4) Looking at our workflow for obtaining translations from reviewers and how that affects release turn-around times... Even though we can facilitate turn-around time for releases by creating interim releases that use translation statuses to indicate where translations are not official yet (auto-generated/under review, etc), that is still likely to cause significant delays when the ontology is being translated for a new language (which can take quite a few months to complete). ---> This can pose problems when any urgent updates made to the English curator's version during that stage of the cycle would need to wait for a release containing the reviewed/completed translations before they can be released. ---> The best way of solving this, that I can see, is to make reviewing of translations be an online, ongoing process, where "screenshots" of work on translations are used in releases and content for reviewers is updated as necessary. I was looking at this yesterday and I think it would be possible to use shared Google spreadsheets for something like that. ---> This would not affect the ROBOT workflow, other than it is going to take time for me to set up such a system and adapt the relevant code as necessary.

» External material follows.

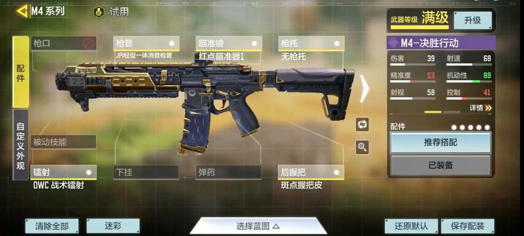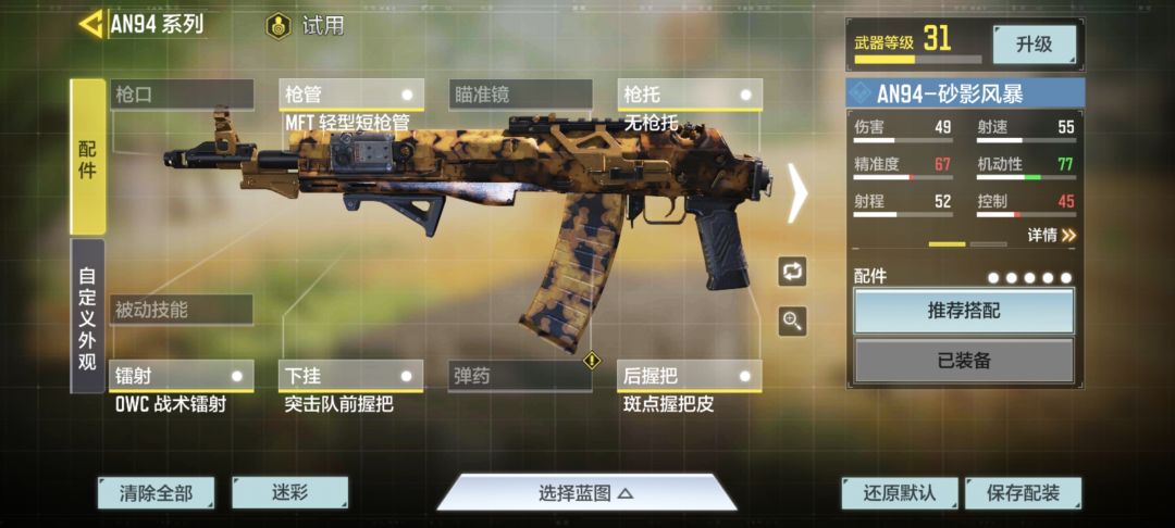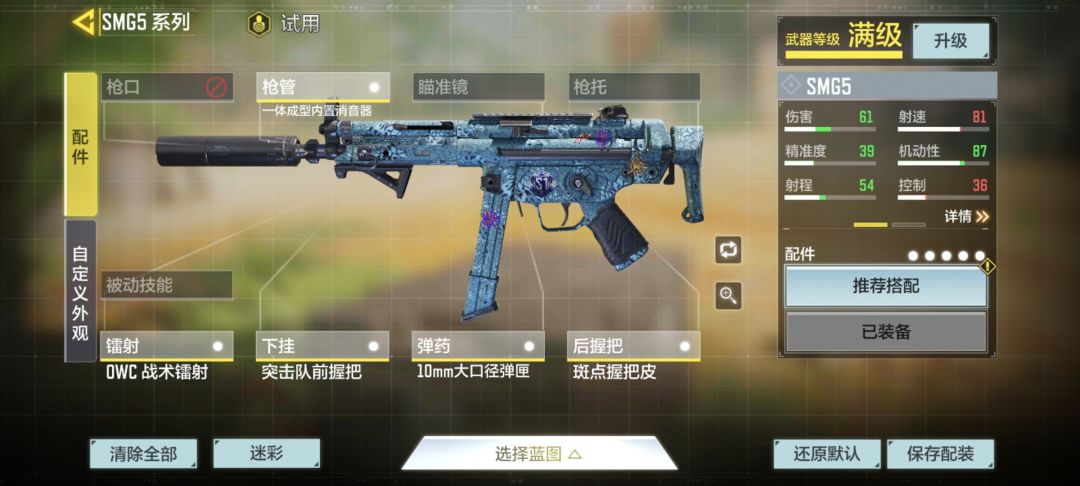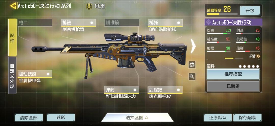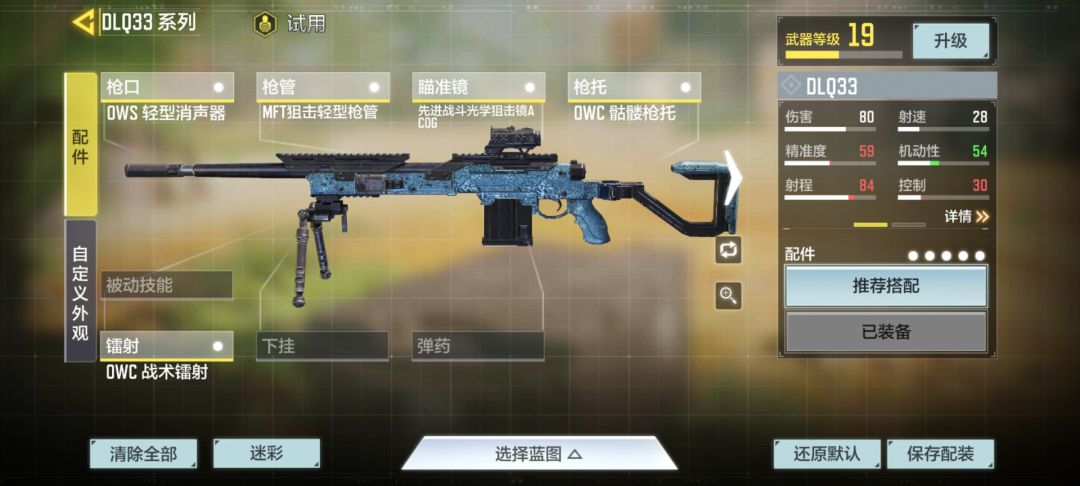 ②.冲锋狙:可以直接套用系统推荐的冲锋狙配装。OWS轻型消音器、MFT狙击轻型枪管、先进战斗光学狙击镜ACOG、OWC骷髅枪托、OWC战术镭射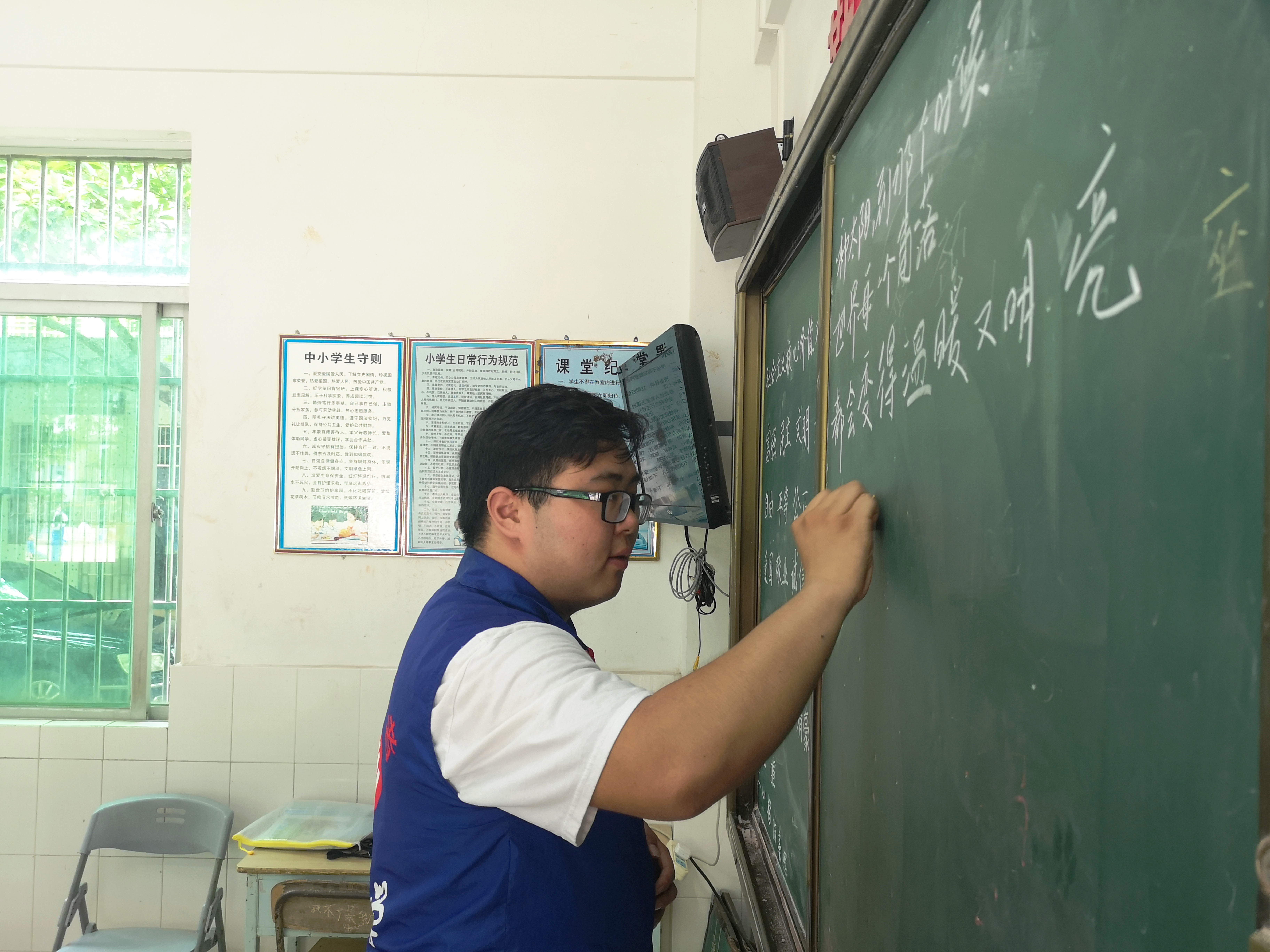 此次活动的主要课堂任务是教孩子们学习歌伴舞《种太阳》,为六一儿童节特别活动排练节目。趁着课间休息时间,志愿者将《种太阳》的歌词写在黑板上,并细心地用拼音将生字标注出来。

matentzn commented 6 months ago

@JadeHotchkiss Lets just do it like this:

  1. You add all languages to scdo-edit.owl.
  2. I will deal with splitting them back into separate files

I am off for the next 10 days, but if you upload a new edit file with all languages, I can do the rest

JadeHotchkiss commented 6 months ago

@matentzn Can we add a step in the ROBOT workflow that adds a link to each SCDO term's web page on the SCDO website? This is an example link: https://scdontology.h3abionet.org/ontology/SCDO_0009293

Would RO's "homepage" (http://xmlns.com/foaf/spec/#term_homepage) annotation property be fine for this or would you suggest a different one?

scdodev commented 4 months ago

@matentzn I have now added a "homepage" (http://xmlns.com/foaf/0.1/homepage) annotation property to the curator's OWL file.

matentzn commented 4 months ago

Thats great, yes, you can use that one. We typically use this ontology as a source for annotation properties:

https://ontobee.org/ontology/catalog/OMO?iri=http://www.w3.org/2002/07/owl%23AnnotationProperty

But there is no "homepage" suggestion I think.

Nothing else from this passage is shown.